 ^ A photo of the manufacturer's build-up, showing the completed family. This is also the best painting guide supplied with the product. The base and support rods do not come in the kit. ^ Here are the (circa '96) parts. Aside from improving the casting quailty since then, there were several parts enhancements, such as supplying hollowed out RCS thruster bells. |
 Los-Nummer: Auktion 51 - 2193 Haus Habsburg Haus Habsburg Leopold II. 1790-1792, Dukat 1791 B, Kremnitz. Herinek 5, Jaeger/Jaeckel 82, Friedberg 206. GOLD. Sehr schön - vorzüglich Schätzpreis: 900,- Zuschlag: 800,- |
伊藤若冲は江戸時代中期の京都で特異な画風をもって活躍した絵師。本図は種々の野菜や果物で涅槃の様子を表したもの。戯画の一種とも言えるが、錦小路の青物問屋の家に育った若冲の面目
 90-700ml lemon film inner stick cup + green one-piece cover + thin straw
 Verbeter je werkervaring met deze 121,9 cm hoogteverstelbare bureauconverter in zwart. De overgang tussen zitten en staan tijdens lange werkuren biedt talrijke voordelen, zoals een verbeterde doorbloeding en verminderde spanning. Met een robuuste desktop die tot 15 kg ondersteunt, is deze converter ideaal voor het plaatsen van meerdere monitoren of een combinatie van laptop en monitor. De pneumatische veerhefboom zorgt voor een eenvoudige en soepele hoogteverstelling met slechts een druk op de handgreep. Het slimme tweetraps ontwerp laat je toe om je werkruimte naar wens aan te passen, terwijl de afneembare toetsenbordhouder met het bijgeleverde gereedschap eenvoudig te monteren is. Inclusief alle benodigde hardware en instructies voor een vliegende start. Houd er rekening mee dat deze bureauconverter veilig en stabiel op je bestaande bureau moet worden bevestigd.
---
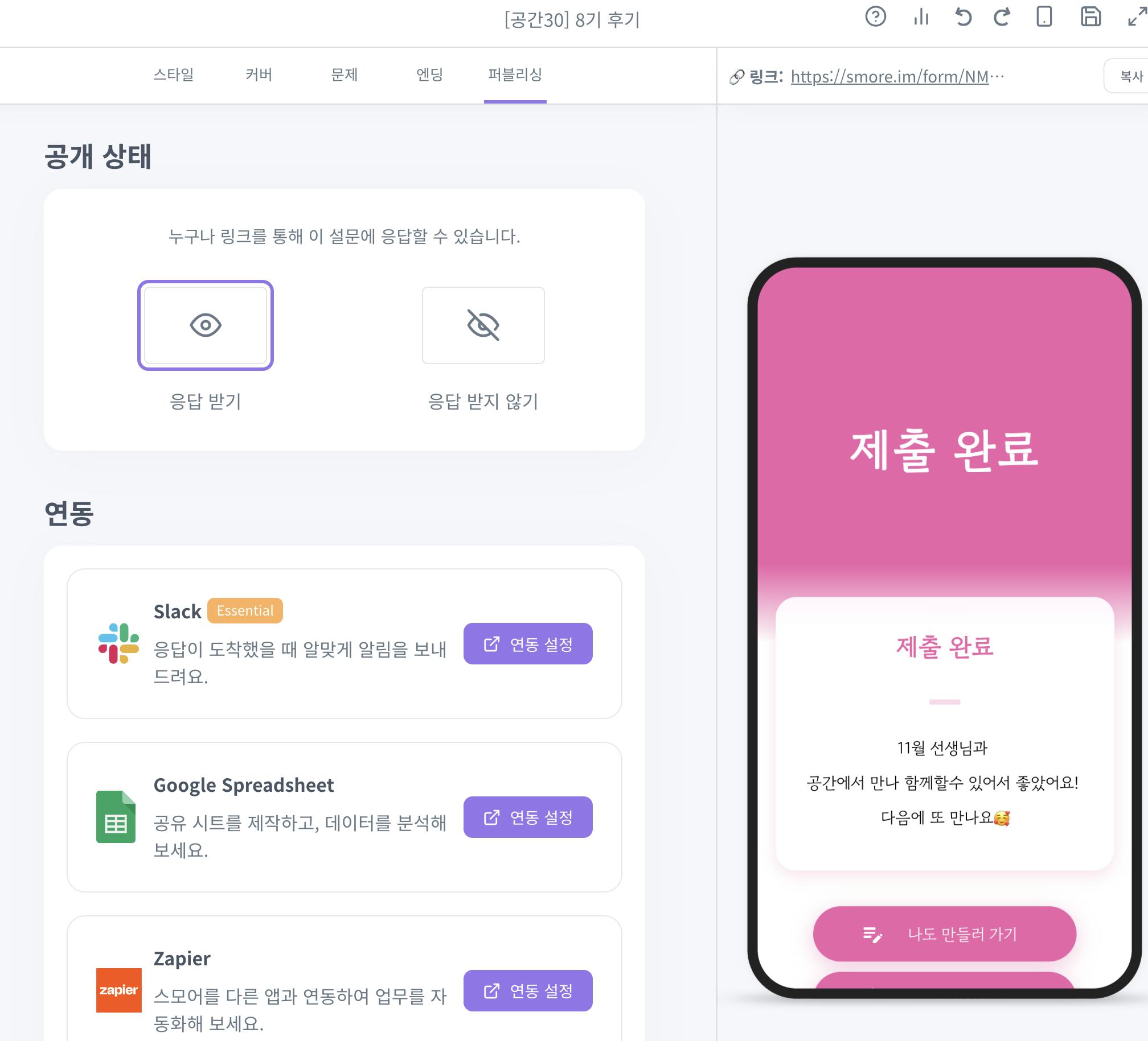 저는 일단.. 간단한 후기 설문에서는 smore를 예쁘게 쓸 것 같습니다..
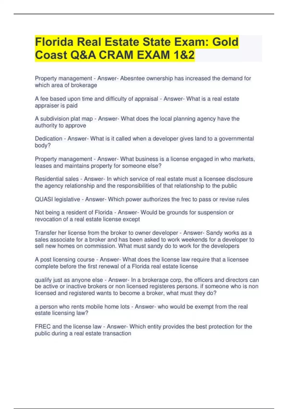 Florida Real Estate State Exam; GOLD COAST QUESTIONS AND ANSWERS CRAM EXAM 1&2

▸ **What you should do**:
Using the data above, copy exactly the lines from the one containing "저는 일단.. 간단한 후기 설문에서는 smore를 예쁘게 쓸 것 같습니다.." to the one containing "Florida Real Estate", inclusive. Exclude the pictures.

▸ **Written reply**:
 저는 일단.. 간단한 후기 설문에서는 smore를 예쁘게 쓸 것 같습니다..
 Florida Real Estate State Exam; GOLD COAST QUESTIONS AND ANSWERS CRAM EXAM 1&2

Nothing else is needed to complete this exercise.